[Expat-discuss] Discussion: InternalEntityRefHandler

Karl Waclawek karl@waclawek.net
Thu Jun 13 11:08:04 2002


> >> > 2) allow the application to return a value that
> >> >    indicates if the entity should be expanded or not
> >> I've mixed emotions about that. What exactly should this return value
> >> control? For a GE, if the return value is true, the replacement text
> >> is reported again throu the characterDataHandler? There may be sense
> >> in this, but what's the sense in returning false for a PE? Can't
> >> imagin a sensible reason, does anybody else?
> >
> > Good points, but it isn't the character handler, it's potentially all content
> > handlers. For GEs there have been requests to suppress expansion of certain
> > types of entities, e.g. predefined ones. For PEs - I don't know.
> > However, I am also missing a good argument for *not* wanting
> > to ever ignore/suppress them.
>
> Don't see, how any handler beside the characterDataHandler could be
> able to handle not expanded entities in a sensible way.

Well, you said "... the replacement text is reported again through
the character data handler". I understood this as meaning: when expanded,
since otherwise - IMO - just the reference itself should be reported as
character data, but not the replacement text - that one is ignored.
This applies to a GE. For a PE nothing will be reported, unless
the default handler is set.

> Maybe a few examples could make things a bit clearer. Consider
> a document like this:
>
> <?xml version="1.0" encoding="UTF-8" ?>
> <!DOCTYPE foo SYSTEM "1.ent">
> <foo/>
>
>
> with 1.ent:
>
> <!-- 1 -->
> <!ENTITY % draft 'INCLUDE' >
> <![%draft;[
> <!ELEMENT book (comments*, title, body, supplements?)>
> ]]>
>
> <!-- 2 -->
> <!ENTITY % someElement  "<!ELEMENT element ANY>">
> %someElement;
>
> <!-- 3 -->
> <!ENTITY % fooContent "EMPTY" >
> <!ELEMENT foo %fooContent;>
>
> <!-- 4 -->
> <!ENTITY % someBarChilds "boo,baz">
> <!ELEMENT bar (foe,%someBarChilds;,bom)>
>
> <!-- 5 -->
> <!ENTITY % pub    "&#xc9;ditions Gallimard" >
> <!ENTITY   rights "All rights reserved" >
> <!ENTITY   book   "La Peste: Albert Camus, &#xA9; 1947 %pub; &rights;" >
>
>
> What should happen in examples 1 if the
> InternalEntityRefHandler return 0? Skip the hole conditional section??
> Completely skipping the PE as well as leaving the PE in unexpanded
> form results in not wellformed XML, in this case.

I would say that this is simply a risk one has to take.
I am not sure that there is a skipping algorithm that will always
preserve wellformedness. I would say: returning 0 means
"skip the PE" no matter what the consequences.
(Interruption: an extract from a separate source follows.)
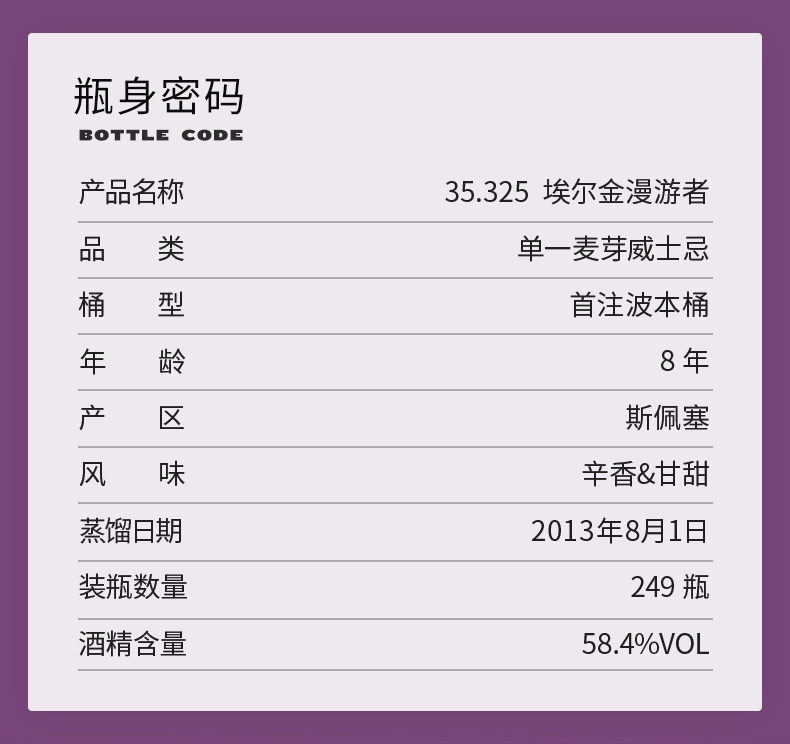 【SMWS】 35.325 埃尔金漫游者 8年 单一麦芽 威士忌 进口 洋酒

> Example 2 is probably the least critical. If InternalEntityRefHandler
> returns 0, the unexpanded PE goes throu defaultHandler?

Yes.

> In Example 3 and 4 I guess the InternalEntityRefHandler must be called
> befor the elementDeclHandler.

Yes.

> If the InternalEntityRefHandler returns
> 0, what should the elementDeclHandler return: how does the
> %fooContent; fit into a XML_Content, same Question for the bar
> content?

This will generate a WF error, I would assume.
As above - IMO a skipped PE amounts to "nothing".
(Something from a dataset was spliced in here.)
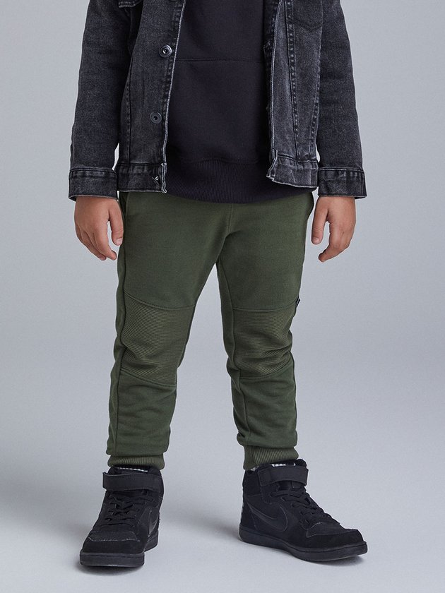 Esta calça verde com detalhes texturizados nas pernas é tudo que eles precisam para um visual cool e confortável. O ajuste com cordão garante a praticidade, enquanto o tecido macio permite que eles se movam livremente. Um item essencial para um look urbano cheio de personalidade!

> Even example 5 doesn't looks like a sensible case. Sure,
> InternalEntityRefHandler should be called befor the
> EntityDeclHandler. If it returns 0, the replacement text reported
> throu the EntityDeclHandler would be "La Peste: Albert Camus, =A9 1947
> %pub; &rights;"? But the XML rec says clearly in 4.5: "The replacement
> text is the content of the entity, after replacement of character
> references and parameter-entity references."

I don't think the InternalEntityRefhandler should concern itself with
character references at all, since they are not entities.
About the other two entites: &rights; is a GE and not recogized here,
so it won't be reported as GE and become part of the stored entity value.
%pub; is a PE, and if skipped, will simply be replaced with "nothing".
Therefore, we can only skip %pub; and the literal entity value
(not the replacement text!) will be "La Peste: Albert Camus, © 1947 &rights;"
Note: the spec says in Appendix D:
...
the XML processor will recognize the character references when it parses
the entity declaration, and resolve them before storing the following
string as the value of the entity
...

> Still, this optional not expanding of PE's feels to me like a can of
> worms. But OK, do it, I have no problem to let the
> InternalEntityRefHandler return always 1 for PE's. There may be
> valuable use cases for this, that I just don't see at the moment.

If one could alter the replacement text...

> >> > 1) There is possible interference with the SetDefaultHandler
> >> > and SetDefaulthandlerExpand functions. The former will
> >> > turn off expansion of internal general entities.
> >> > However, this could now also be done with the InternalEntityRefHandl=
> er.
> >> > So, what happens when expansion is turned off?
> > [..]
> > Even with the InternalEntityRefHandler we might leave both in,
>
> Yes. And without InternalEntityRefHandler set, let them behave as
> now. Easiest way for backward compatibility.

Yes, I just wanted to get rid of the extra data member, but I see
that could break some apps.

> > but declare one of them as deprecated (and possibly make them
> > behave the same - but that might break some apps).
>
> Yes, get rid of one of them, on the long run. But make them only
> behave the same way, if InternalEntityRefHandler is set.

Sounds reasonable.

> Call InternalEntityRefHandler
> >> with entity value NULL, if skippedEntityHandler isn't
> >> set. (Well, this way an InternalEntityRefHandler could supersede the
> >> skippedEntityHandler..).
> >
> > That's an interesting idea - only have an InternalEntityRefHandler,
> > and set entityValue = NULL if skipped (when not an error, of course).
>
> Suddenly, I feel happy about that the skippedEntityHandler hasn't made
> it into 1.95.3. But I'm not perfect sure. Let's hear other opinions.

Check my other message - maybe not such a good idea.

> > Anyway, you have raised doubts in my mind if it makes sense to
> > report the entity value at all. What does it mean examining it?
> > Isn't that what the parser does?
>
> Depends. For sure, the parser will not be able to examining the
> semantic of the replacement text, this could only be done by the
> application. But the application could always manage his own entity
> value lookup table (using entityDeclHandler etc.), if needed.  There
> may be a minimal speed penalty, if the InternalEntityRefHandler
> returns 0 (do not expand), because of the in this case 'unnecessary'
> entity value lookup, but this may only be measurable in extrem
> cases. On the other hand it would be a nice service, to get the entity
> value without managing an own lookup table. Could live with both.

I general, my thinking is: if the info is there, and it is no effort
to provide it, then why not? I am waiting for a good argument against it.

Karl